Task objective:
For the entries that follow, produce an exact copy with no pictures in it.
--- Task data ---
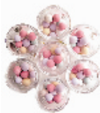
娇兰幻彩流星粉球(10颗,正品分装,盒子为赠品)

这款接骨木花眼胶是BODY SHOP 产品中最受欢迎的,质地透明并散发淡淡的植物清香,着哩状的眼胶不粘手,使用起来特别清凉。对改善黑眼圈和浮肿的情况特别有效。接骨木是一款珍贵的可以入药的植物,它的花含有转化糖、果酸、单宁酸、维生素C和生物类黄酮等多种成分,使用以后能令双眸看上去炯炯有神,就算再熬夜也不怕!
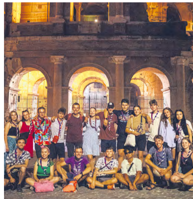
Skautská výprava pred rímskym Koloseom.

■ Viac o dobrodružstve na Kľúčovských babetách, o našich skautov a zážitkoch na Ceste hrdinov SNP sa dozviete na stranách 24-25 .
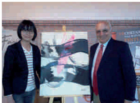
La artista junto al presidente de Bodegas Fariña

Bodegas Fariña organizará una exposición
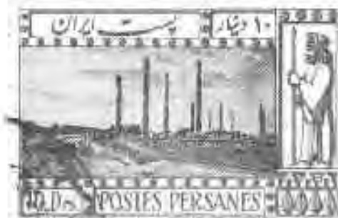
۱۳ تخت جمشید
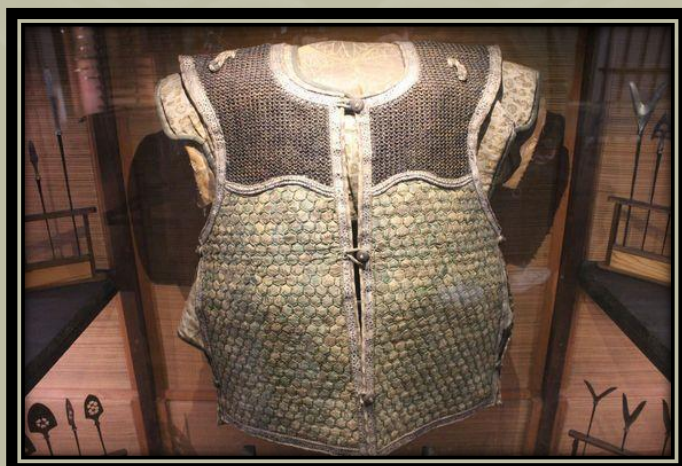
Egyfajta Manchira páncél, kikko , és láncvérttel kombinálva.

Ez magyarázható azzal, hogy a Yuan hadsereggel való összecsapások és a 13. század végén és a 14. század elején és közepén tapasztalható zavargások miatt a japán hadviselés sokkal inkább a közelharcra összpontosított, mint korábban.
---
Answer to this task:
娇兰幻彩流星粉球(10颗,正品分装,盒子为赠品)

这款接骨木花眼胶是BODY SHOP 产品中最受欢迎的,质地透明并散发淡淡的植物清香,着哩状的眼胶不粘手,使用起来特别清凉。对改善黑眼圈和浮肿的情况特别有效。接骨木是一款珍贵的可以入药的植物,它的花含有转化糖、果酸、单宁酸、维生素C和生物类黄酮等多种成分,使用以后能令双眸看上去炯炯有神,就算再熬夜也不怕!
Skautská výprava pred rímskym Koloseom.

■ Viac o dobrodružstve na Kľúčovských babetách, o našich skautov a zážitkoch na Ceste hrdinov SNP sa dozviete na stranách 24-25 .
La artista junto al presidente de Bodegas Fariña

Bodegas Fariña organizará una exposición
۱۳ تخت جمشید
Egyfajta Manchira páncél, kikko , és láncvérttel kombinálva.

Ez magyarázható azzal, hogy a Yuan hadsereggel való összecsapások és a 13. század végén és a 14. század elején és közepén tapasztalható zavargások miatt a japán hadviselés sokkal inkább a közelharcra összpontosított, mint korábban.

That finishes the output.